25 Sep 2002 17:15:52 +0200

* Uche Ogbuji
|     
| SP_PAT = re.compile(u"[\uD800-\uDBFF][\uDC00-\uDFFF]")
| def smart_len(u):
|     sp_count = len(SP_PAT.findall(u))
|     return len(u) - sp_count
| 
| 
| Problem solved.

In a sense. You now have len(u""), which counts code units (thus
giving different results in UTF-16 and UTF-32 builds) and
smart_len(u""), which counds characters, and thus always gives the
same result.

Java has the same problem, in that length() there counts code units,
but on the other hand String is defined to always contain UTF-16 code
units. 

Note that this problem is also inherent in the XML family of
specifications. The DOM 1.0 definition of string was broken, while the
2.0 one equates strings with arrays of UTF-16 code units. In XPath, on
the other hand, strings consist of abstract Unicode characters...

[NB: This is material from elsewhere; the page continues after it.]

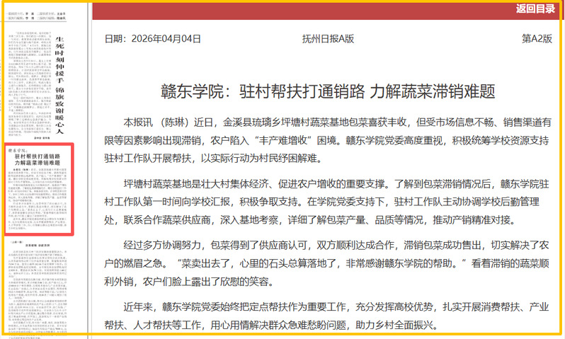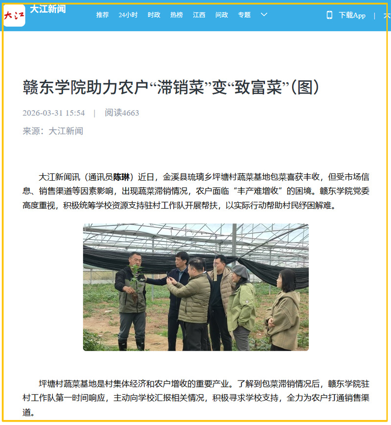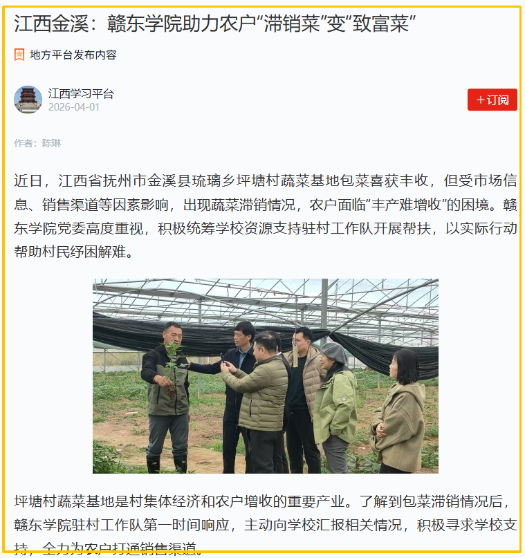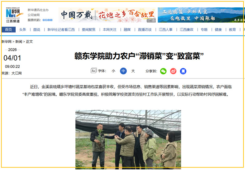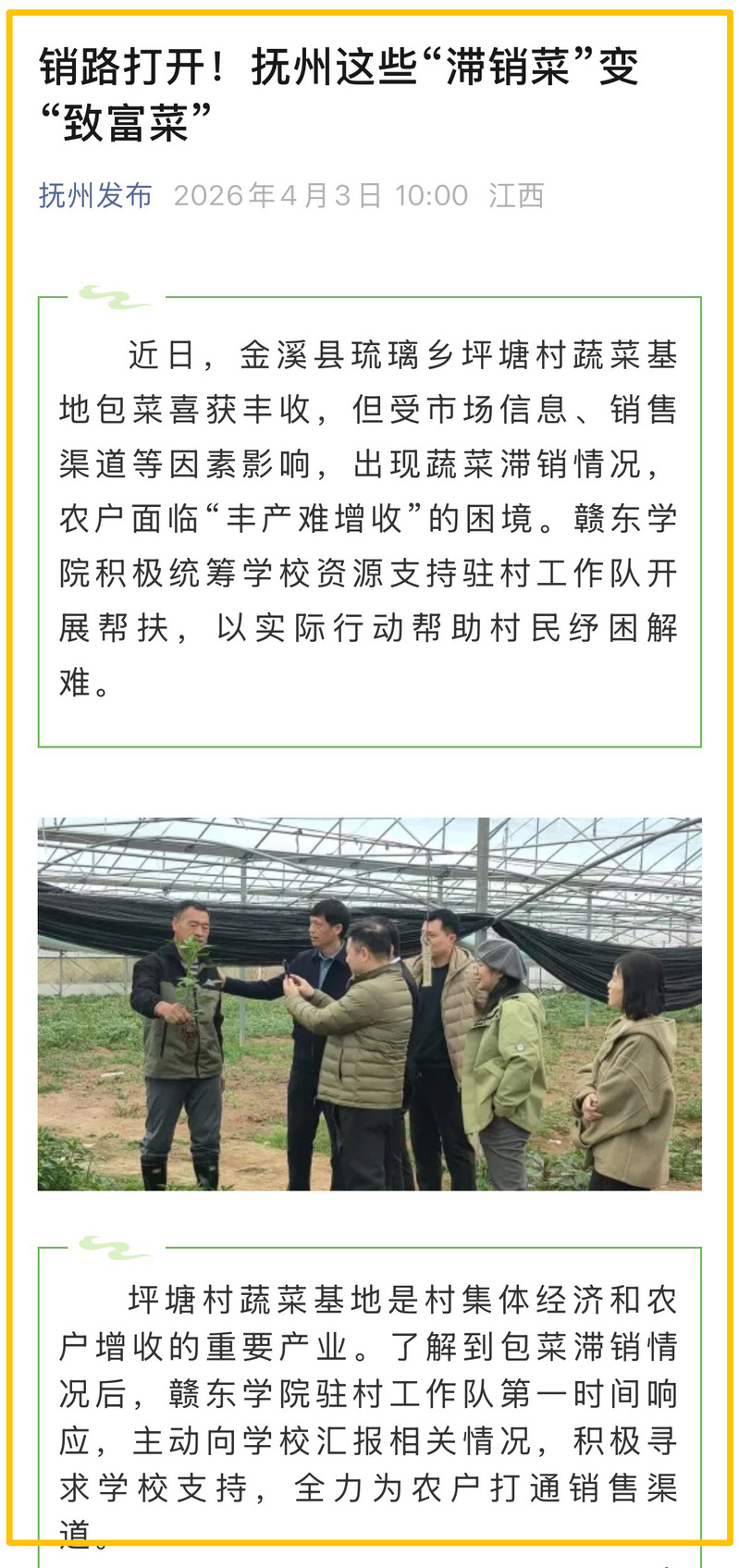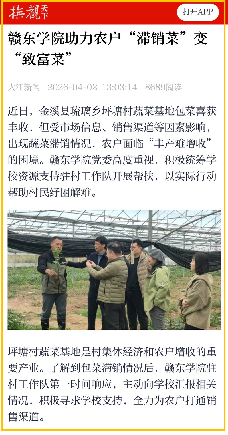 近日,一场“滞销菜”变“致富菜”的暖心行动在金溪县琉璃乡坪塘村生动上演。赣东学院驻村工作队扎根田间,精准对接,不仅帮助农户打通了包菜的销售渠道,更在乡村振兴一线书写了高校担当。新华网、学习强国平台、抚州发布、抚州日报等主流媒体相继聚焦,让这份来自田间地头的温暖,跨越山水,感动人心。
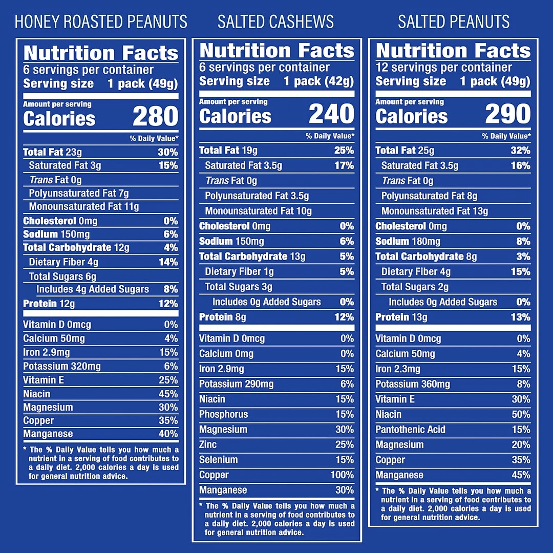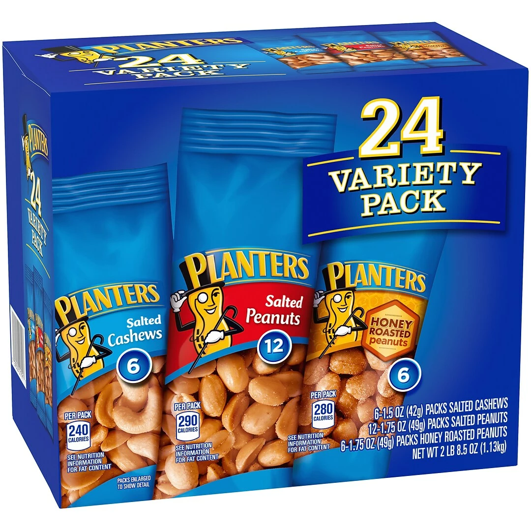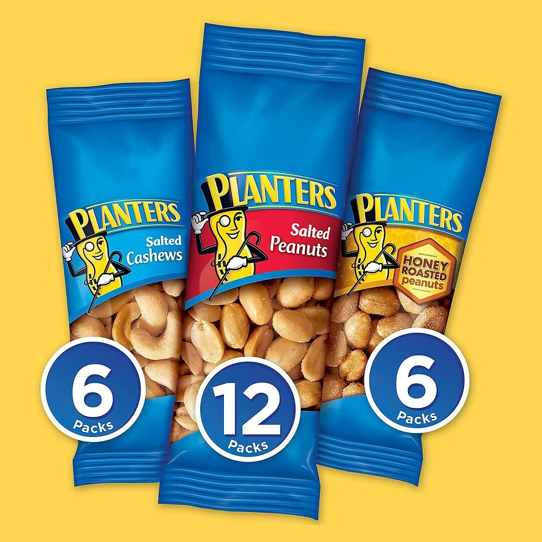 Variety pack contains six packages of salted cashews, 12 packages of salted peanuts, and six packages of honey roasted peanuts

Note also that there is one further problem. How long is this string

  u"\u0041\u030A"

according to RELAX/XPath/XSDL?

* Daniel Veillard
| 
| I don't think chars are classes but types, and hence one cannot make
| a subclass of strings whose instances could have all
| length/walk/extract operations being special cased to reflect XML
| unicode string. I (and Eric I bet) would like to be wrong on this
| :-)

This has nothing to do with XML, it's just that XML is one of the few
technologies that are sufficiently modern to make this problem show
up.  If you want to have proper Unicode support in any application you
will run into this problem.

The problem here is that the UTF-16 == Unicode assumption is built
into all sorts of technologies, from Python to Java to Ada-95 to Win32
to DOM 2.0 to ..., and in most cases people are not even aware of the
problem. 

-- 
Lars Marius Garshol, Ontopian         <URL: http://www.ontopia.net >
ISO SC34/WG3, OASIS GeoLang TC        <URL: http://www.garshol.priv.no >